1. Renewable energy business, high-growth area in India: S&P Global Ratings

Renewable energy business, high-growth area in India: S&P Global Ratings

Renewable energy business is a high-growth area in India, though falling asset prices and competitive bidding for new power purchase agreements may lead to volatility in returns on investments, S&P Global Ratings said today.

By: | New Delhi | Updated: June 14, 2016 8:52 PM
S&P Global Ratings, Renewable Energy, renewable energy business, Tata Power It added that such assets also face greater volatility of cash flows due to seasonality and inherent uncertainty of wind/hydro/solar patterns, resulting in resource risks. (Reuters)

Renewable energy business is a high-growth area in India, though falling asset prices and competitive bidding for new power purchase agreements may lead to volatility in returns on investments, S&P Global Ratings said today.

“We believe the renewable energy business is a high-growth area in India, given the government’s focus on increasing capacities for renewable energy and priority dispatch,” it said in a statement.

However, falling asset prices and competitive bidding for new power purchase agreements (PPAs) can expose renewable energy assets to volatility of returns on investments, it said.

It added that such assets also face greater volatility of cash flows due to seasonality and inherent uncertainty of wind/hydro/solar patterns, resulting in resource risks.

The agency further said that Tata Power’s business position is unlikely to materially change after the acquisition of Welspun Renewable Energy.

S&P Global Ratings further said that its corporate credit rating on Tata Power Ltd (B+/Stable) is not immediately affected by the company’s acquisition of Welspun Renewable Energy for an enterprise value of Rs 92.49 billion.

Tata Power indicated that it intends to maintain leverage at the current improved levels post-acquisition through strategic measures.

If the acquisition is fully debt funded, Tata Power’s debt will increase by about 25 per cent, and its financials and the rating will be pressured.

“We believe Tata Power will share further details on its capital structure in due course.Tata Power’s operating performance in the fiscal year ended March 2016 was above our expectations.
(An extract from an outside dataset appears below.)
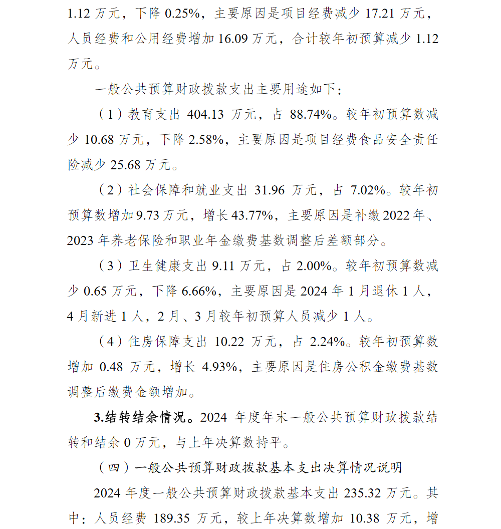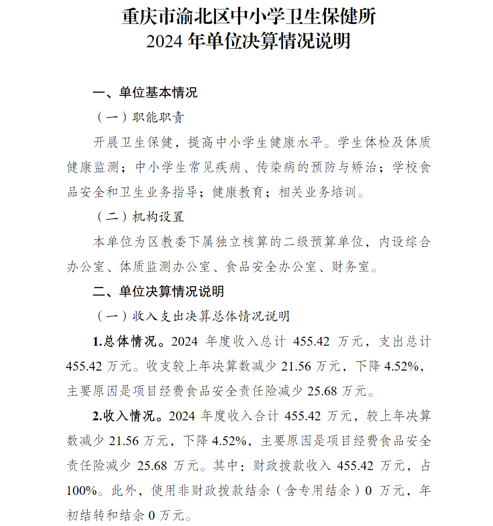 重庆市渝北区中小学卫生保健所2024年单位决算情况说明

Cash flows were stronger due to stable earnings from the company’s regulated distribution business and lower losses in the unregulated Mundra project,” it said.

A sharp reduction in coal prices led to lower losses for the Mundra project, where the sale price for the PPA is fixed.

“The company’s ratio of funds from operations to debt was stronger at about 12 per cent for the fiscal ended March 2016, against our expectation of about 9 per cent,” it said.

The company will likely emerge as one of the larger renewable energy players in India but overall, renewable energy accounts for less than 30 per cent of the country’s power generation.

“We believe Tata Power will need to manage its liquidity appropriately as the planned short-term bridge facility could accentuate the pressure from high short-term debt and continuing covenant breach at the Mundra project. However, Tata Power has satisfactory banking relationships and access to support from its promoters if required,” it said.